Background/Purpose: We have previously reported the efficacy and safety results of ustekinumab (UST), an IL-12/23 p40 inhibitor, in patients with active psoriatic arthritis (PsA) up to 2yrs of UST treatment from the PSUMMIT 1&II trials. Here, we describe the sustained effects of UST using the modified Psoriatic Arthritis Response Criteria (PsARC) response. Although not validated, the modified PsARC has been widely used in PsA clinical trials and clinical practice. Methods: Adult PsA patients with active disease (≥5 SJC and ≥5 TJC; CRP≥0.3mg/dL [ULN 1.0 mg/dL]) despite DMARD and/or NSAID therapy (PSUMMIT 1, n=615; PSUMMIT 2, n=312 [of which 180 pts were previously treated with DMARD and/or NSAID, and prior anti-TNFα therapy]) were randomized to UST45mg, 90mg, or PBO at wks 0, 4, and q12wks, thereafter. PBO-treated pts were crossed over to UST45mg at wks24 and 28 followed by q12wk dosing. At wk16, patients with <5% improvement in TJC & SJC entered blinded early escape [EE] (PBO→UST45mg; UST45mg→90mg; 90mg→90mg). No concomitant DMARDs with the exception of MTX (approx 50% of patients in each study) were permitted.  Patients were considered a responder using the modified PsARC if improvement was demonstrated in ≥ 2 (including≥1 of the joint criteria) of the following criteria and no deterioration was noted in the other criteria:  ≥30% decrease in the swollen joint count, ≥30% decrease in the tender joint count, ≥20% improvement in the patient’s overall assessment (VAS), and ≥20% improvement in the physician’s overall assessment (VAS). The proportion of patients who were modified PSARC responders and ACR 20 non-responders at wk28 were assessed.

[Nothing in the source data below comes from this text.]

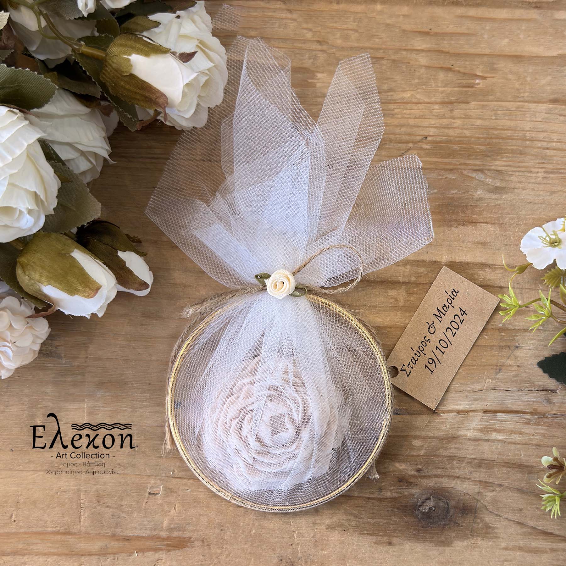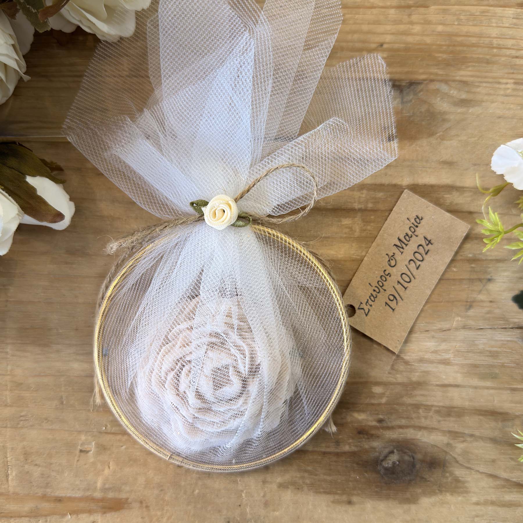 Μπομπονιέρα βάπτισης σαπούνι τριαντάφυλλο σε χρυσός κύκλος με λευκό τούλι , σχοινί , εκρού λουλουδάκι και craft προσωποποιημένο καρτελάκι με ονόματα & ημερομηνία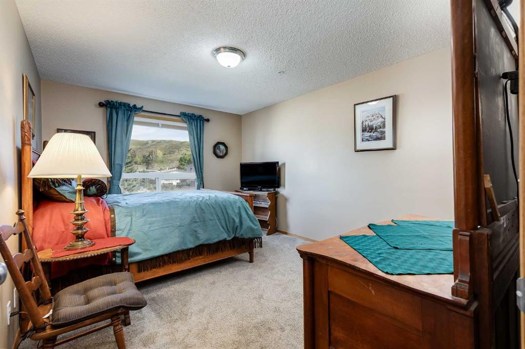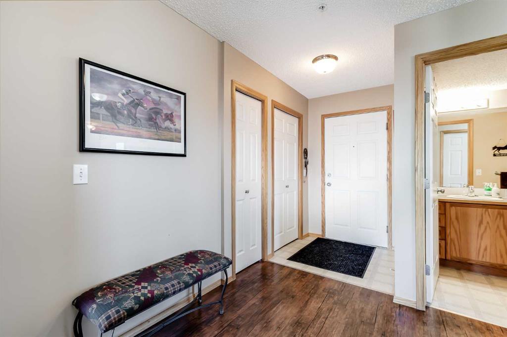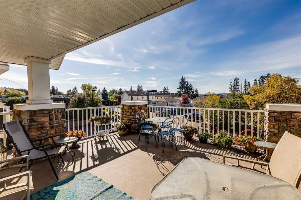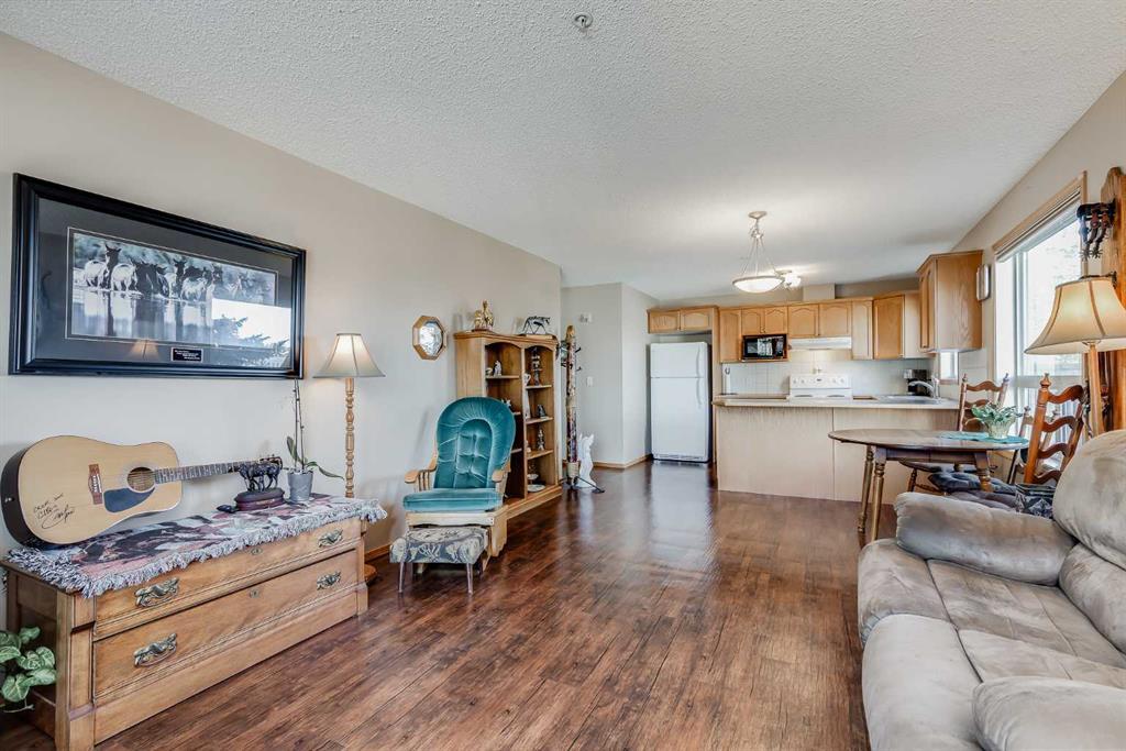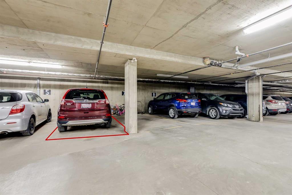 Welcome to the Heritage Building in Cochrane! This beautiful END UNIT 2 Bedroom and 2 Bath condo has it all! Check out all the many features of this incredible property that include; the large master bedroom with WALK IN closet and ENSUITE, a laundry room with extra storage space and NEW washer and dryer (Spring 2023), corner gas fireplace in the open concept living room to keep you warm and cozy on those chilly winter evenings, well appointed kitchen with plenty of counter space, NEW vinyl plank flooring in main areas and NEW carpet in the bedrooms, natural gas on the deck for your BBQ and A/C unit is included. Also comes with titled heated secure underground parking (#6) AND your own storage locker (#207). The building has many additional amenities that include; a Party Room to host family functions with a full kitchen area - FREE for use (book in advance), located conveniently on the 2nd floor too - just walk down the hall to take your meal there, to enjoy holiday gatherings, special occasions or a game night! There’s a large shared patio with flowers and outdoor seating areas to enjoy summer months, also many other indoor areas to enjoy quiet time and even a little library for sharing books with other residents. Affordable condo fees that include gas and water (you ONLY pay electricity on top of your condo fees). This property is move in ready and available for immediate possession. Make your appointment to view today! (id:22211)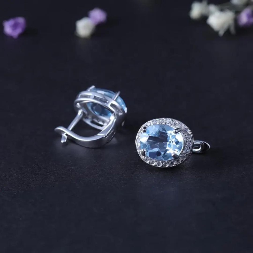 The earrings feature oval cut aquamarine solitaires totaling 3.69 carats, surrounded by Premium Quality Diamonds. The total diamond weight is 0.12 carats. The dimensions of the earrings are 14mm x 11mm. The main stone is aquamarine, shaped in oval, set in 9K white gold with a claw setting. The earrings are UK hallmarked, handcrafted in the UK, and made with conflict-free and nickel-free diamonds. It is mentioned that weights, gem colors, and sizes are approximate and may vary slightly.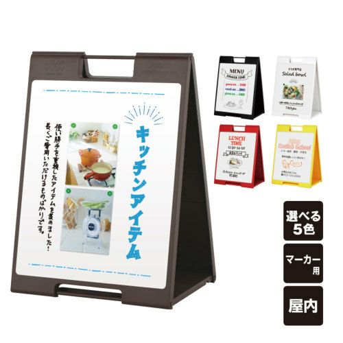 折り畳み式スタンドサイン。黄・赤・黒・白・茶の5色から選べる 黒板A看板 スタンドプレート ちょ大 マーカー SP-720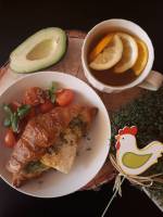 Croissant z awokado i jajkiem 165Kolejna szybka propozycja na śniadanie gdzie możemy wykorzystać gotowe rogaliki francuskie. Jeśli do tego ładnie je podamy to mogą być częścią Wielkanocnego śniadania. Polecam! Składniki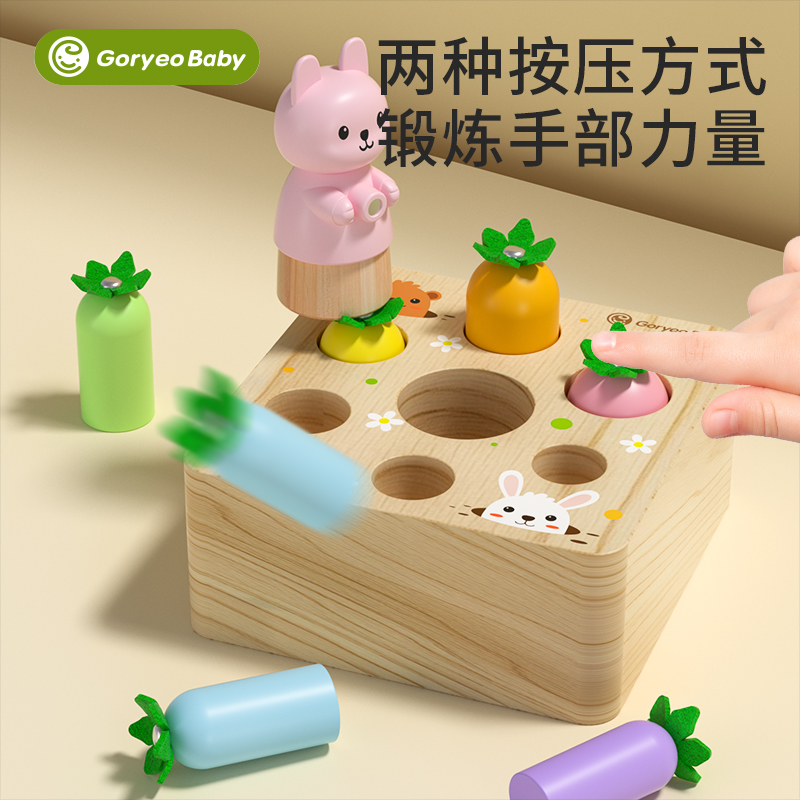 儿童积木手指按压磁吸兔萝卜游戏棒宝宝益智桌面木质弹跳玩具早教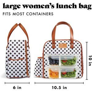 🧿SPACIOUS WOMENS LUNCH BOX - Measures 10.5"L x 10"H x 6"W, our durable stain resistant large lunch bag offers a roomy interior for multiple containers. Easy to clean, it features a wide front opening for effortless access to your meals and snacks.
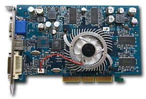 | Карта имеет AGP x2/x4 интерфейс, 64 МБ DDR SDRAM памяти, размещенной в 8-ми микросхемах на обеих сторонах PCB. На видеокарте установлены модули памяти от EtronTech со временем выборки 3.3ns, что соответствует примерно частоте работы 300 (600) МГц, память же работает на частоте 256 (513) МГц. GPU функционирует на частоте 250 МГц. | ![]() |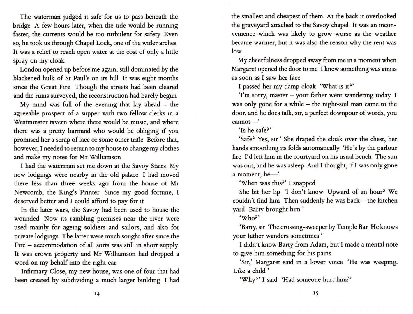 James Marwood, a traitor's son, is thrust into this treacherous environment when his father discovers a dead woman in the very place where the Fire Court sits. The next day his father is run down. Accident? Or another murder…?

Results:  Modified PSARC results are summarized in Table 1.  Statistically significantly higher PSARC response rates were observed as early as wk4 for both UST groups vs PBO in the PSUMMIT 1 trial and statistically significantly higher responses were also observed at wks 8, 12 and 24 for both UST dose groups vs PBO in both trials.  Responses in both UST dose groups continued to increase after wk24, reached a plateau at wk28 and were maintained through wk52.  Patients who were initially randomized to PBO and crossed over to 45mg achieved similar responses to those originally randomized to UST. Higher PSARC responses were consistently observed at wk8-24 for both UST groups vs PBO regardless of baseline MTX status. The early onset of PSARC responses observed was consistent with early onset of ACR20 responses. UST was generally well-tolerated.

Conclusion:   Significantly higher PSARC responses were observed as early as wk4-8 for both UST dose groups vs PBO. Improvements observed at wk24 continued to increase at wk28 and were sustained through wk52.